IEEE 802.1q trunk has the concept of native vlans. The standard also provides less overhead to the ethernet frames (just 4 bytes) by shim vlan tag compare to Cisco's ISL (26 bytes) which encapsulates the entire frame and adds new CRC trailer.

So what is native vlan, and when do i use it ?

Native VLAN is relevant only when there is 802.1q trunking between switches or a switch and a router ( in case of router on stick). Native VLAN has no significance when ISL trunking is used OR all vlans are tagged.

In 802.1q trunking each frame is being tagged by 4 bytes field in the ethernet header and before IP header (assume IP traffic). The 4 bytes tag field contains vlan number (12 bit), 3 bit field for layer 2 QoS, TPID (16 bits) field in order to identified the tagged frame(this is set to 0x8100 for 802.1q) etc.

The native VLAN does not have the 4 bytes tag in the frame. When one switch sends native vlan traffic to the other switch over the 802.1q trunk, the receving switch must also have same native vlan configure in order to accept the native vlan from other switch. If the receiving switch has different native vlan than what it is receiving in that case this switch may leak the received native vlan traffic in to its own native valn traffic. Switches have protection mechanisms in order to prevent this to happen by throughing error messages saying "native vlan mismatch" these error came out because negotiation of native vlan between the switches is a part of DTP and CDP. If these two protocols are disabled this error message will not appear but traffic can still leak.
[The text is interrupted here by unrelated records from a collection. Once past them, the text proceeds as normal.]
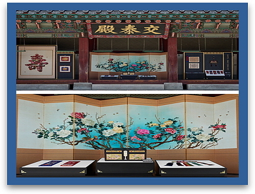 우선 왕실 여성의 공간인 교태전으로 들어서면 아름다운 정성으로 수놓은 ‘환유 국빈세트 궁중 자수함’이 눈길을 사로잡는다.
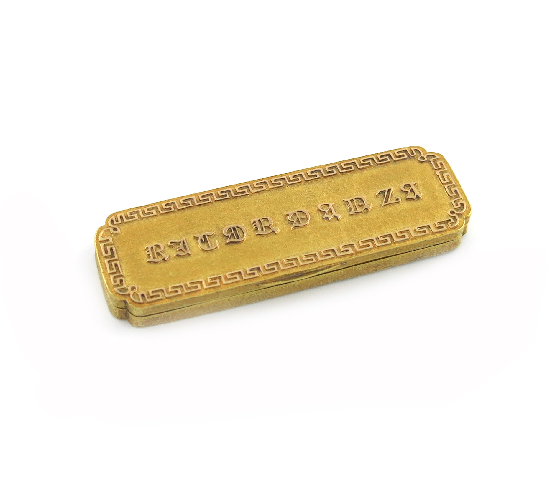 shaped rectangular form, the hinged cover applied 'RICORDANZA', (Souvenir), with a Greek Key border and matted decoration, length 7cm, approx. weight 39.3g.
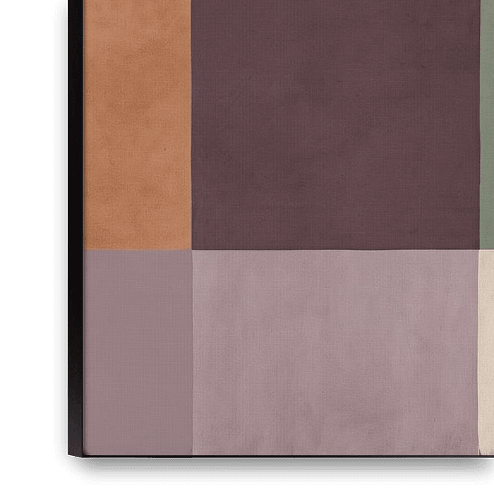 This unique design plays with geometric shapes and earth tones, creating a harmonious and soothing effect. Rectangles, squares and diagonal lines alternate in a balanced pattern that is ideal for modern interiors. The colour combination of brown, green, beige, purple and orange creates a warm look that is both subtle and inviting. This…

However there is a special mechanism in STP which brings ports in blocking state (*PVID_Inc) if native vlans are mismatched. It show this errors
%SPANTREE-2-BLOCK_PVID_LOCAL
%SPANTREE-2-RECV_PVID_ERR
STP moves these ports out of blocking states as soon as vlans are tagged on both sides using vlan dot1q tag native global command. However CDP will still shows native vlan mismatch but traffic will flow as normal because now all vlans are tagged and native vlan has no significance in that case.

By default VLAN 1 is the native VLAN in CISCO switches and can be configured to any vlan as native. It is normally used for management traffic.

if a device on the path does not understand untagged frames, Native VLAN should be disabled. To do so, use the VLAN dot1q tag native global command which will affect all trunk ports and cause Native VLAN frames to be tagged. 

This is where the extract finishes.